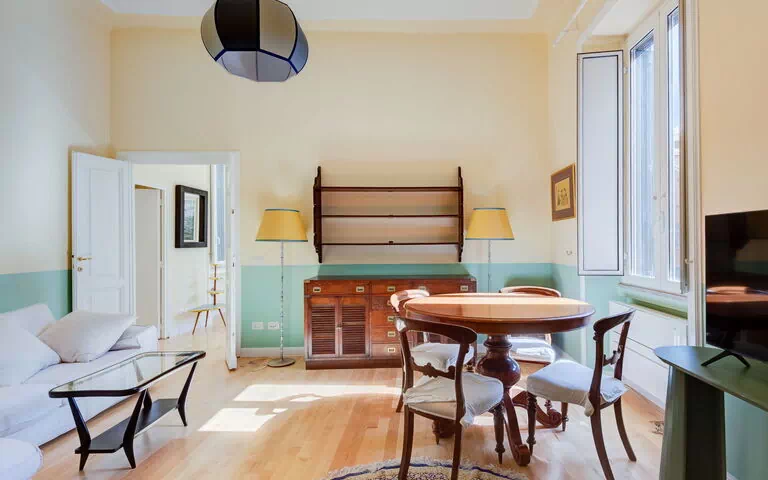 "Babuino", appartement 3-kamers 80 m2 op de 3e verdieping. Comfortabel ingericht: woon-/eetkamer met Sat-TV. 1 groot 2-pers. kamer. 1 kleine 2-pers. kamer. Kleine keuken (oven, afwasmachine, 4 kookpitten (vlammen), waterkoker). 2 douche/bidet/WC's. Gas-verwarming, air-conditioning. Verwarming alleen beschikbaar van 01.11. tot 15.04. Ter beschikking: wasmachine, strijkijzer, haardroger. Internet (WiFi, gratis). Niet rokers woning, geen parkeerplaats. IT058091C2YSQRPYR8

------

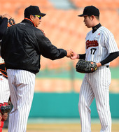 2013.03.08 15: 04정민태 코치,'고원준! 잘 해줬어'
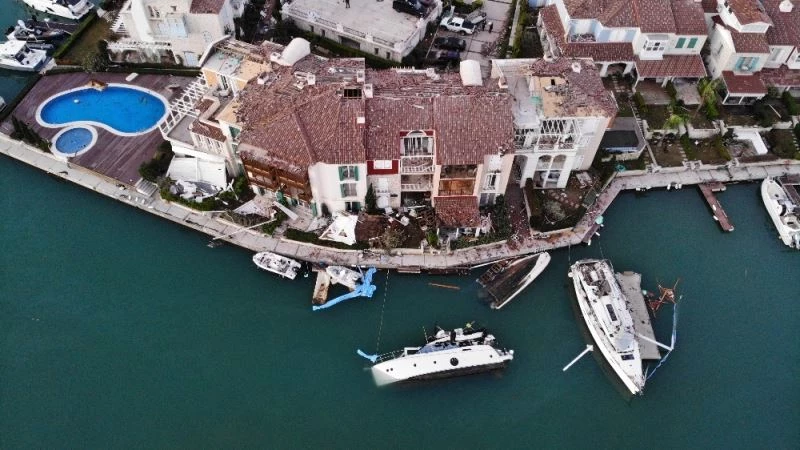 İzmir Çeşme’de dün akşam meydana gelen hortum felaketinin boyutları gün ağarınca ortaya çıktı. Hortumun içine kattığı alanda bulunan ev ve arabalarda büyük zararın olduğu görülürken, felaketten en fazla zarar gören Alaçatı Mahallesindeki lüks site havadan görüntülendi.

------

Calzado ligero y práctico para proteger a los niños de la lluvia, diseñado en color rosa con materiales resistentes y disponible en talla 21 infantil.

------

- Work instructions
Reproduce the listing above exactly from the line containing "2013.03.08 15: 04정민태 코치,'고원준! 잘 해줬어'" up to and including the line containing "İzmir Çeşme’de dün", omitting any images and everything outside those lines.

- Solution for this task
 2013.03.08 15: 04정민태 코치,'고원준! 잘 해줬어'
 İzmir Çeşme’de dün akşam meydana gelen hortum felaketinin boyutları gün ağarınca ortaya çıktı. Hortumun içine kattığı alanda bulunan ev ve arabalarda büyük zararın olduğu görülürken, felaketten en fazla zarar gören Alaçatı Mahallesindeki lüks site havadan görüntülendi.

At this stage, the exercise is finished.